Last year the company told us it had assembled “the largest cross functional team” in the history of its family of companies to support GDPR compliance — specifying this included “senior executives from all product teams, designers and user experience/testing executives, policy executives, legal executives and executives from each of the Facebook family of companies”.

“Dozens of people at Facebook Ireland are working full time on this effort,” it said, noting too that the data protection team at its European HQ (in Dublin, Ireland) would be growing by 250% in 2017. It also said it was in the process of hiring a “top quality data protection officer” — a position the company appears to still be taking applications for.

The new EU rules require organizations to appoint a data protection officer if they process sensitive data on a large scale (which Facebook very clearly does). Or are collecting info on many consumers — such as by performing online behavioral tracking. But, really, which online businesses aren’t doing that these days?

The extra-territorial scope of GDPR casts the European Union as a global pioneer in data protection — and some legal experts suggest the regulation will force privacy standards to rise outside the EU too.

Sure, some US companies might prefer to swallow the hassle and expense of fragmenting their data handling processes, and treating personal data obtained from different geographies differently, i.e. rather than streamlining everything under a GDPR compliant process. But doing so means managing multiple data regimes. And at very least runs the risk of bad PR if you’re outed as deliberately offering a lower privacy standard to your home users vs customers abroad.

Ultimately, it may be easier (and less risky) for businesses to treat GDPR as the new ‘gold standard’ for how they handle all personal data, regardless of where it comes from.

And while not every company harvests Facebook levels of personal data, almost every company harvests some personal data. So for those with customers in the EU GDPR cannot be ignored. At very least businesses will need to carry out a data audit to understand their risks and liabilities.

Privacy experts suggest that the really big change here is around enforcement. Because while the EU has had long established data protection standards and rules — and treats privacy as a fundamental right — its regulators have lacked the teeth to command compliance.

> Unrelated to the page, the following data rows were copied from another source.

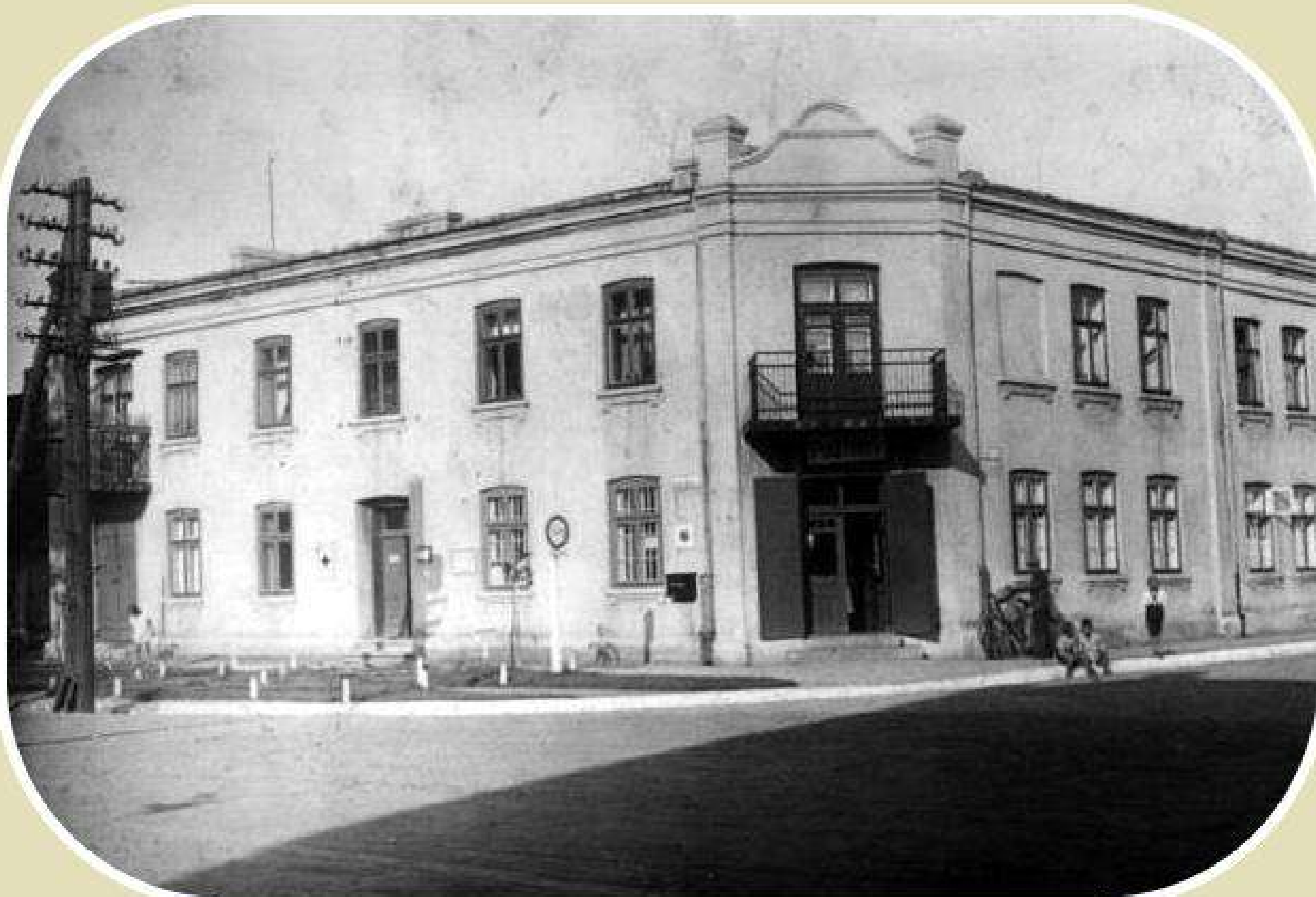
Kamienica przy skrzyżowaniu ulic Sienkiewicza i Wolności (przed wojną mieściły się tam apteka i poczta, lata 20. XX wieku)
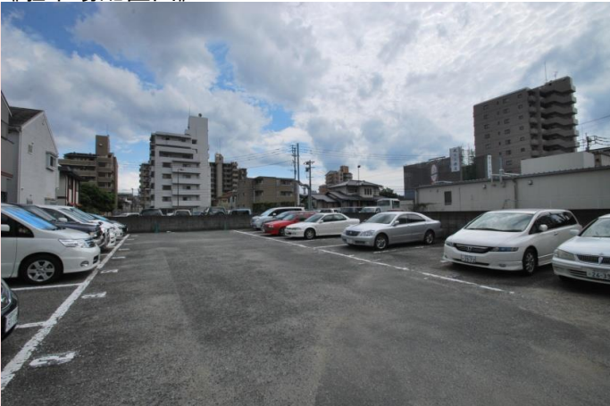
当マンションには駐車場がございませんが、最寄りには月極駐車場、コインPが多くございますのでご利用下さい
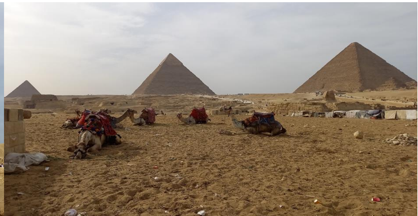
Gizeh: Cheops-, Chephren- und Mykerinos-Pyramide
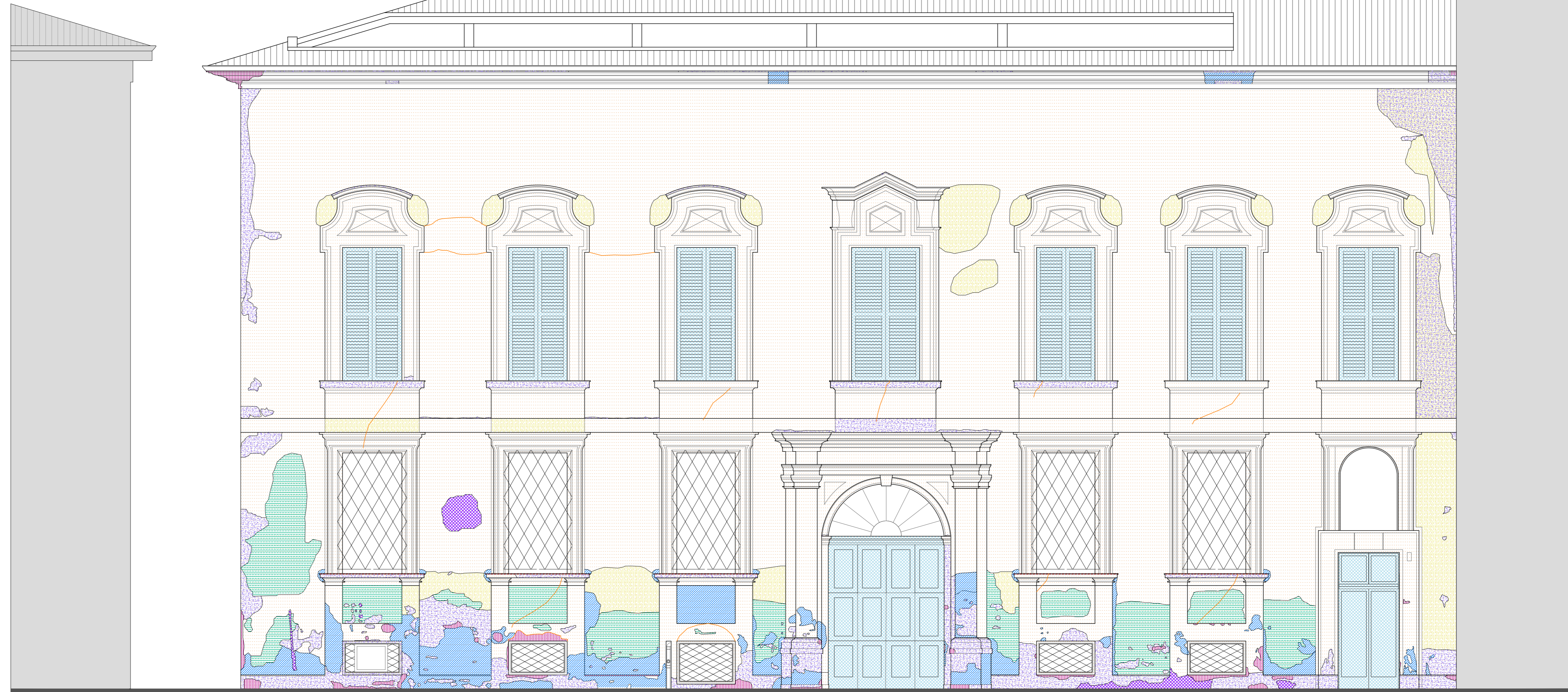
Prospetto sud-ovest - via Toschi

But now, under GDPR, financial penalties for data protection violations step up massively.

The maximum fine that organizations can be hit with for the most serious infringements of the regulation is 4% of their global annual turnover (or €20M, whichever is greater). Though data protection agencies will of course be able to impose smaller fines too. And, indeed, there’s a tiered system of fines — with a lower level of penalties of up to 2% of global turnover (or €10M).

This really is a massive change. Because while data protection agencies (DPAs) in different EU Member States can impose financial penalties for breaches of existing data laws these fines are relatively small — especially set against the revenues of the private sector entities that are getting sanctioned.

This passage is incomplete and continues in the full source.